::: Exercise data

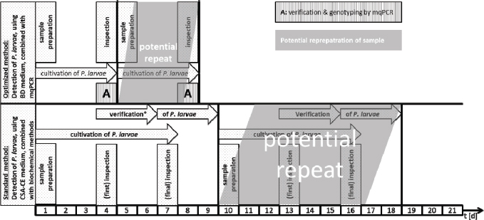 Fig. 2. Schematic comparison of the current standard culture-based method to detect P. larvae in honey and food samples and the newly developed protocol which combines optimized culture and mqPCR. ConclusionBy combining a culture-based approach on CSA-BD with multiplex qPCR, we were able to detect and genotype P. larvae reference strains and field isolates within 4 days (Fig. 2). This is half of the time needed with the actual official standard protocol (Amtliche Methodensammlung, 2017). Since time consuming methods, such as purification of bacterial DNA, gel electrophoresis, and interpretation of fragment patterns are not necessary, the newly developed multiplex qPCR allows a higher throughput of samples, may reduce costs for monitoring surveys, and permit faster interventions to prevent the spread of AFB. AcknowledgmentsThe authors would like to thank Katlen Schütze, Florian Hinz and Friewi Lienau for excellent technical assistance. Author’s contributionsHannes Beims designed the experiments for mqPCR and was involved in data analysis of germination assays. Martina Janke and Werner von der Ohe provided the germination assays and verified analytical methods. Michael Steinert analyzed the derived data. All authors discussed the results and contributed to the final manuscript. ReferencesAmtliche Methodensammlung. 2017. Amerikanische Faulbrut (Erreger: Paenibacillus larvae). Friedrich-Loeffler-Institut (FLI), Stand 09.06.2017, 7. Ash, C., Farrow, J.A.E., Wellbanks, S. and Collins, M.D. 1991. Phylogenetic heterogeneity of the genus Bacillus revealed by comparative analysis of small subunitribosomal RNA sequences. Lett. Appl. Microbiol. 13, 202–206. Beims, H., Bunk, B., Erler, S., Mohr, K.I., Spröer, C., Pradella, S., Günther, G., Rohde, M., von der Ohe, W. and Steinert, M. 2020. Discovery of Paenibacillus larvae ERIC V: Phenotypic and genomic comparison to genotypes ERIC I-IV reveal different inventories of virulence factors which correlate with epidemiological prevalences of American Foulbrood. Int. J. Med. Microbiol. 310(2), 151394. https://doi.org/10.1016/j.ijmm.2020.151394. Beims, H., Wittmann, J., Bunk, B., Spröer, C., Rhode, C., Günther, G., Rohde, M., von der Ohe, W. and Steinert, M. 2015. Paenibacillus larvae-directed bacteriophage HB10c2 and its application in American Foulbrood-affected honey bee larvae. Appl. Environ. Microbiol. 81(16), 5411–5419. De Graaf, D.C., Alippi, A.M., Brown, M., Evans, J.D., Feldlaufer, M., Gregorc, A., Hornitzky, M., Pernal, S.F., Schuch, D.M.T., Titera, D., Tomkins, V. and Ritter, W. 2006. Diagnosis of American foulbrood in honey bees: a synthesis and proposed analytical protocols. Lett. Appl. Microbiol. 43, 583–590. Descamps, T., De Smet, L., Stragier, P., De Vos, P. and de Graaf, D.C. 2016. Multiple locus variable number of tandem repeat analysis: a molecular genotyping tool for Paenibacillus larvae. Microb. Biotechnol. 9(6), 772–781. Djukic, M., Brzuszkiewicz, E., Fünfhaus, A., Voss, J., Gollnow, K., Poppinga, L., Liesegang, H., Garcia-Gonzalez, E., Genersch, E. and Daniel, R. 2014. How to kill the honey bee larva: Genomic potential and virulence mechanisms of Paenibacillus larvae. PLoS One 9, e90914. Dobbelaere, W., de Graaf, D.C., Peeters, J.E. and Jacobs, F.J. 2001. Development of a fast and reliable diagnostic method for American foulbrood disease (Paenibacillus larvae subsp. Larvae) using 16S rRNA gene based PCR. Apidologie 32, 363–370. Ebeling, J., Knispel, H., Hertlein, G. and Fünfhaus, A. 2016. Biology of Paenibacillus larvae, a deadly pathogen of honey bee larvae. Appl. Microbiol. Biotechnol. 100, 7387–7395. Forsgren, E., Stevanovic, J. and Fries, I. 2008. Variability in germination and in temperature and storage resistance among genotypes. Vet. Microbiol. 129(3–4), 342. Fünfhaus, A., Poppinga, L. and Genersch, E. 2013. Identification and characterization of two novel toxins expressed by the lethal honey bee pathogen Paenibacillus larvae, the causative agent of American foulbrood. Environ. Microbiol. 15(11), 2951–2965. Genersch, E. 2010. American Foulbrood in honeybees and its causative agent, Paenibacillus larvae. J. Invertebr. Pathol. 103, 10–19. Genersch, E. and Otten, C. 2003. The use of repetitive element PCR fingerprinting (rep-PCR) for genetic subtyping of German field isolates of Paenibacillus larvae subsp. larvae. Apidologie 34, 195–206. Genersch, E., Ashiralieva, A. and Fries, I. 2005. Strain- and genotype-specific differences in virulence of Paenibacillus larvae subsp. larvae, a bacterial pathogen causing American foulbrood disease in honeybees. Appl. Environ. Microbiol. 71, 7551–7555. Genersch, E., Forsgren, E., Pentikäinen, J., Ashiralieva, A., Rauch, S., Kilwinski, J. and Fries, I. 2006. Reclassification of Paenibacillus larvae subsp. pulvifaciens and Paenibacillus larvae subsp. larvae as Paenibacillus larvae without subspecies differentiation. Int. J. Syst. Evol. Microbiol. 56, 501–511. Govan, V.A., Allsopp, M.H. and Davison, S. 1999. A PCR detection method for rapid identification of Paenibacillus larvae. Appl. Environ. Microbiol. 65(5), 2243–2245. Hertlein, G., Seiffert, M., Gensel, S., Garcia-Gonzales, E., Ebeling, J., Skobalj, R., Kuthning, A., Süssmuth, R.D. and Genersch, E. 2016. Biological role of paenilarvins, Iturin-like lipopeptide secondary metabolites produced by the honey bee pathogen Paenibacillus larvae. PLoS One. 11(10): e0164656. doi:10.1371/journal.pone.0164656. Morrissey, B.J., Helgason, T., Poppinga, L., Fünfhaus, A., Genersch, E. and Budge, E. 2015. Biogeography of Paenibacillus larvae, the causative agent of American foulbrood, using a new multilocus sequence typing scheme. Environ. Microbiol. 17(4), 1414–1424. Nordström, S. and Fries, I. 1995. A comparison of media and cultural conditions for identification of Bacillus larvae in honey. J. Apicult. Res. 34, 97–103. OIE. 2008. Manual of Diagnostic Tests and Vaccines for Terrestrial Animals, 6th ed. Charpter 2.9.
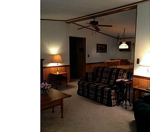 55+ COMMUNITY LARGER UNIT 1404 SQ FT, 3 BED, 2BATH, 2CAR GARAGE,NEWER APPLIANCES,HEAT 2 YEARS OLD,CENTRAL A/C,FIREPLACE,SPACIOUS OPEN FLR PLAN.MONTHLY FEE OF $360 park fee includes lawn, snow etc.. Buyer to pay $1500.00 share fee to Park up to $4500
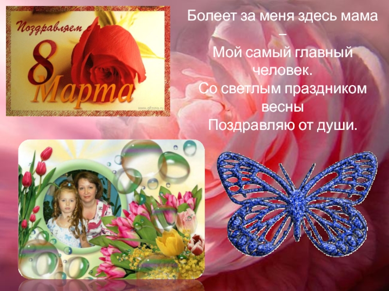 Болеет за меня здесь мама – Мой самый главный человек. Со светлым праздником весны Поздравляю от души.
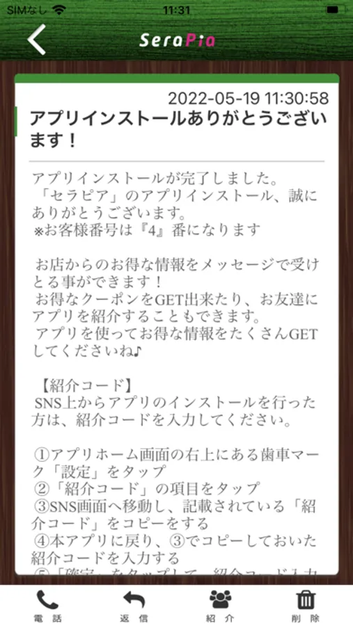 SeraPiaのアプリをSNSを通じてお友達に紹介する事ができます。
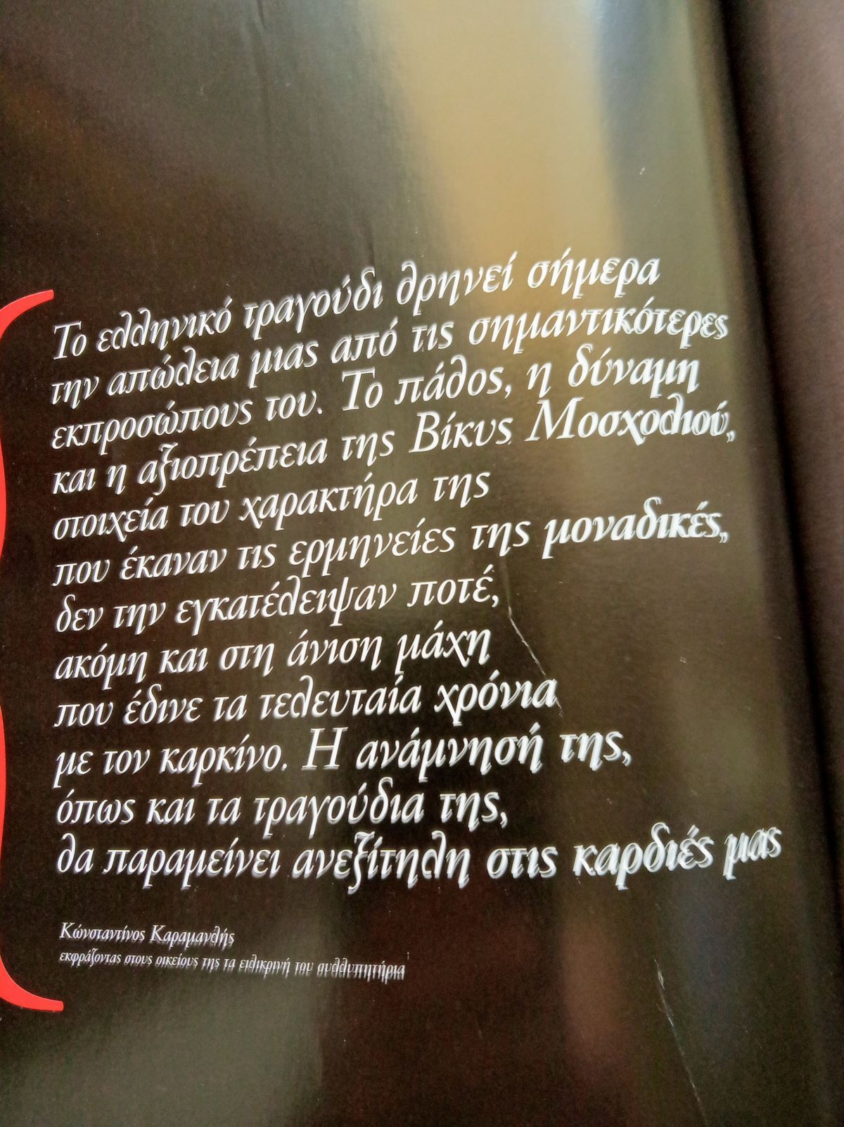 Η μεγάλη μας Αδυναμία ήταν καί είναι Νυν καί Αεί ή Αρχόντισσα τής καρδιάς και τής ψυχής ή δωρική φωνή τού πάθους και τής φωτιάς τού θάρρους και τής γενναιότητας, η ερωτική καί ανατρεπτική, η αρρενωπή δυνατή καί ευάλωτη θηλυκιά, αλλά και αντρίκεια στην αλήθεια και την δύναμη της, η φωνή της Βίκυς Μοσχολιού.

::::::

● **Exercise prompt**: No pictures belong in the copy. Return exactly the lines from the line containing "Болеет за меня" through the last line of the listing.

● **Result of the task**:
 Болеет за меня здесь мама – Мой самый главный человек. Со светлым праздником весны Поздравляю от души.
 SeraPiaのアプリをSNSを通じてお友達に紹介する事ができます。
 Η μεγάλη μας Αδυναμία ήταν καί είναι Νυν καί Αεί ή Αρχόντισσα τής καρδιάς και τής ψυχής ή δωρική φωνή τού πάθους και τής φωτιάς τού θάρρους και τής γενναιότητας, η ερωτική καί ανατρεπτική, η αρρενωπή δυνατή καί ευάλωτη θηλυκιά, αλλά και αντρίκεια στην αλήθεια και την δύναμη της, η φωνή της Βίκυς Μοσχολιού.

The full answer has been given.